Master the Thompson HERO WOD with advanced specific strategies, pacing tips, and scaling options.

Advanced Strategy Overview

Attack this workout with aggressive rope climbs and efficient squat cycling while managing cumulative leg fatigue.

Recommended Gear

  • Knee sleeves (essential for 290 squats)
  • Wrist wraps
  • Chalk
  • Belt (for squats and carries)
  • Long socks or shin guards (for rope climbs)

Advanced Pacing Strategy

1

Target sub-3:30 round times (under 35:00 total)

2

Minimal rest between rounds (30-45 seconds)

3

Fast rope climbs

4

Large squat sets

Advanced Movement Tips

1

Rope Climb: Fast and efficient from seated, strong legless technique

2

Back Squats: Sets of 29 unbroken or 15+14, fast cycling

3

Farmers Carry: Quick 10m, maintain speed

Advanced Scaling Options

Remember: Scaling is Smart

The goal is to maintain the intended stimulus of the workout.

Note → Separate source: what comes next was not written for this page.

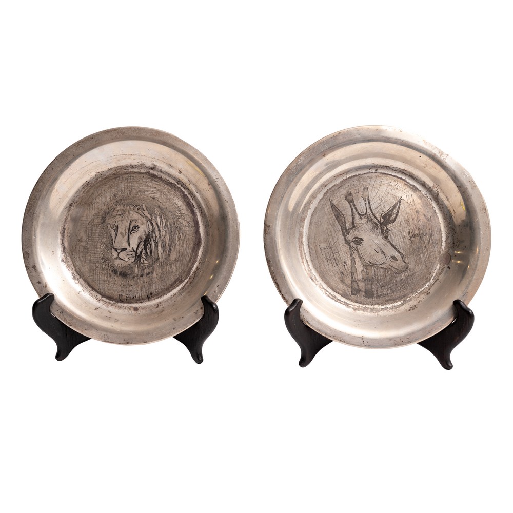Due piatti in argento Sterling, uno raffigurante 'Giraffa' - 1975, l'altro raffigurante 'Leone' - 1976

Scale appropriately to challenge yourself while maintaining good form and the workout's character.

1

Increase back squat weight (115/75 lb)

2

Increase farmers carry weight (155/105 lb)

3

Add legless rope climbs for extra challenge

4

Add 11th round

Advanced Success Tips

1

This is a mental and physical grind

2

290 back squats with light weight is still brutal

3

Rope climbs from seated drain grip fast

4

Farmers carry should be a quick recovery movement

5

Stay focused rounds 7-9 when legs are screaming

Ready to Take on Thompson as a Advanced Athlete?

Use these advanced strategies to honor U.S. Army Capt. David J. Thompson with your best effort.